• **INFORMATION SHOWN**

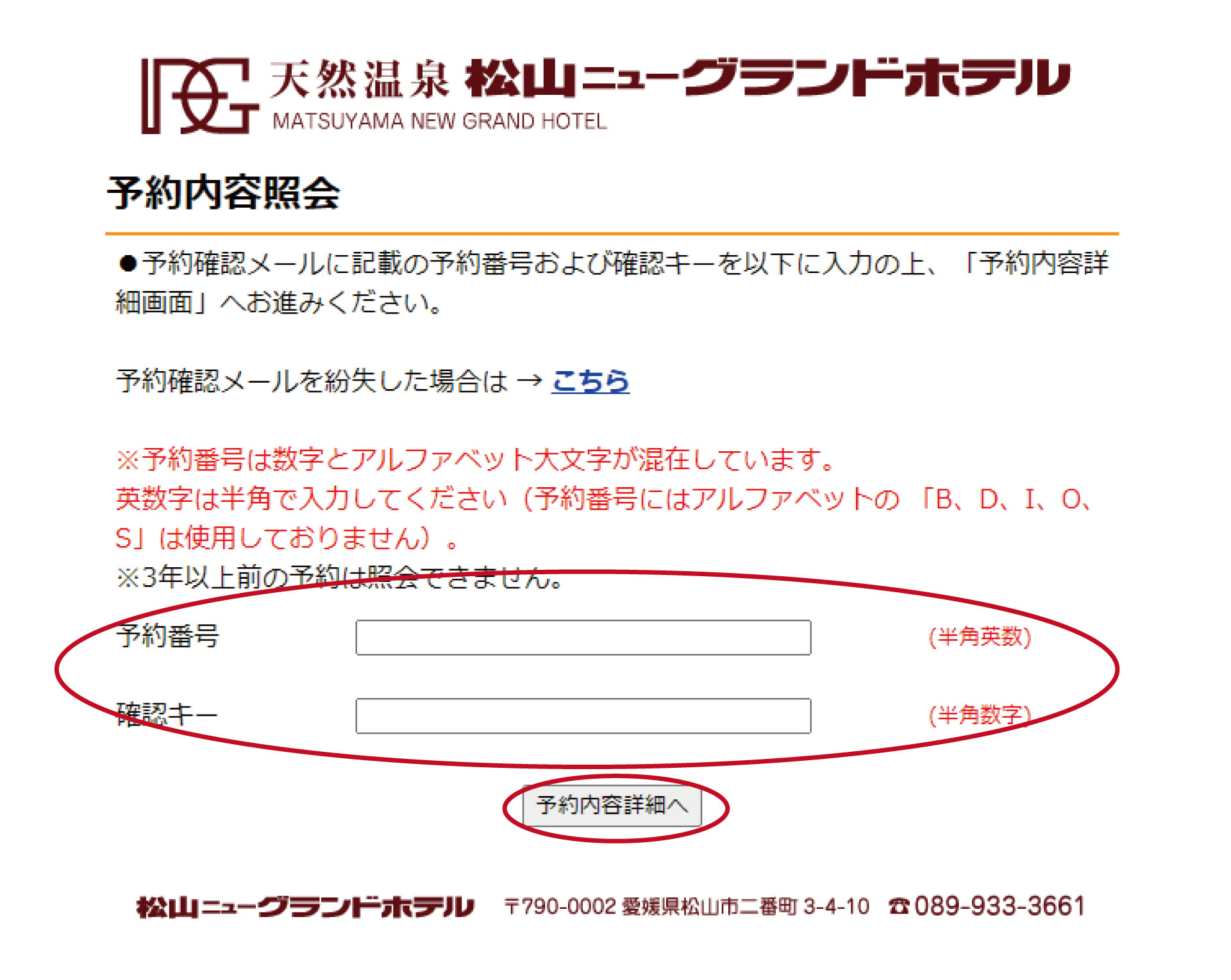 「予約内容照会」画面に予約番号と確認キーを入力する
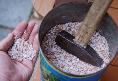 Nadat je de schaal moet strekken en in papieren zakken moet stoppen. Voor het malen kunt u een deegroller, een koffiemolen of een vleesmolen gebruiken. Hoe kleiner de stukken, hoe beter de meststof.
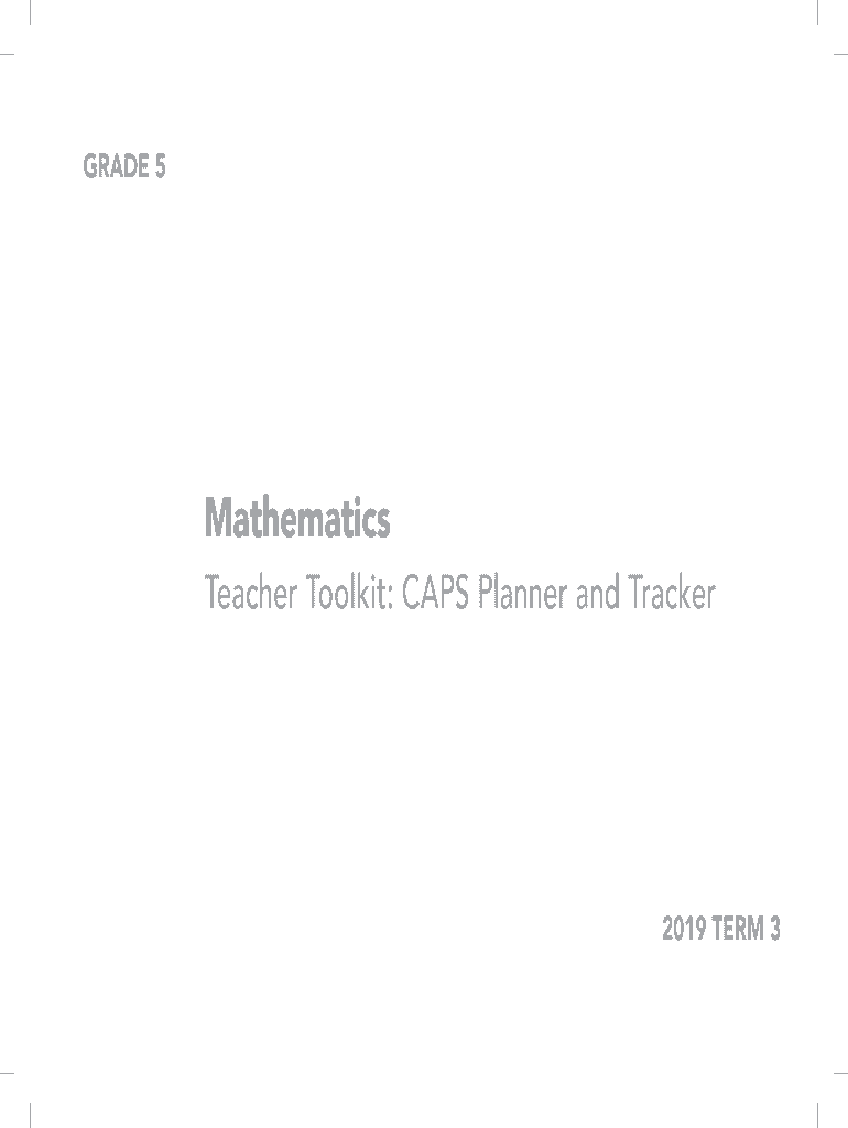 GRADE 5Mathematics Teacher Toolkit: CAPS Planner and Tracker2019 TERM 3CONTENTS A. About the Tracker and Resources 2 B. Lesson Preparation Key Steps 6 C. Trackers for Each Set of Approved Less 9 1.
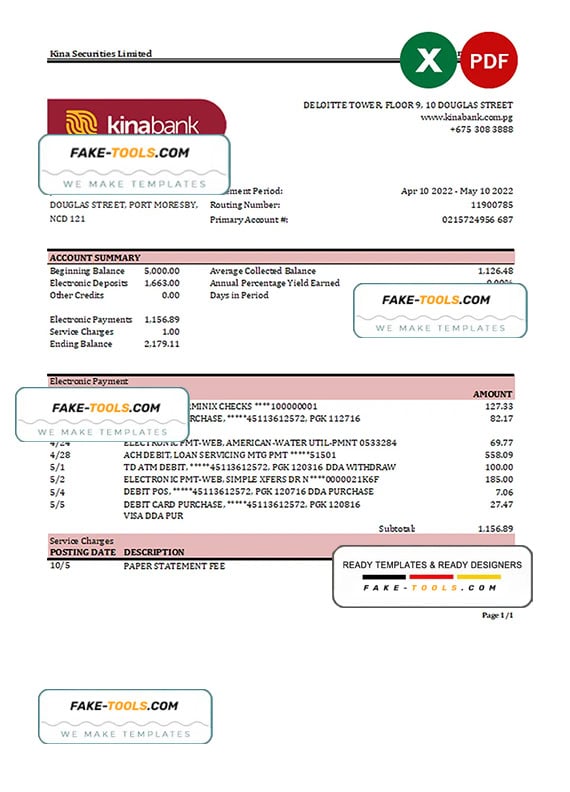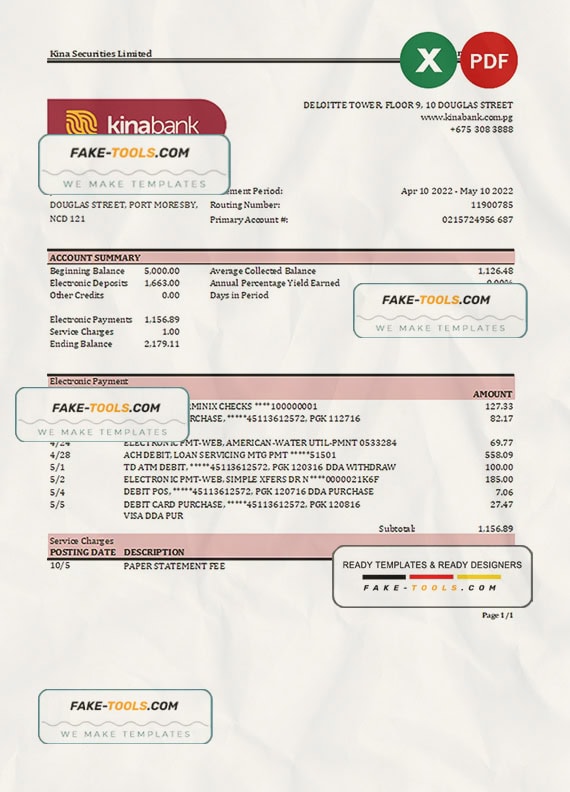 Papua New Guinea Kina Securities Limites bank statement Excel and PDF template

• **AIM OF THE TASK**
The needed output is the lines from the one with "GRADE 5Mathematics Teacher" through the end of the listing, written out exactly, both ends included, pictures excluded.

• **WRITTEN REPLY**
 GRADE 5Mathematics Teacher Toolkit: CAPS Planner and Tracker2019 TERM 3CONTENTS A. About the Tracker and Resources 2 B. Lesson Preparation Key Steps 6 C. Trackers for Each Set of Approved Less 9 1.
 Papua New Guinea Kina Securities Limites bank statement Excel and PDF template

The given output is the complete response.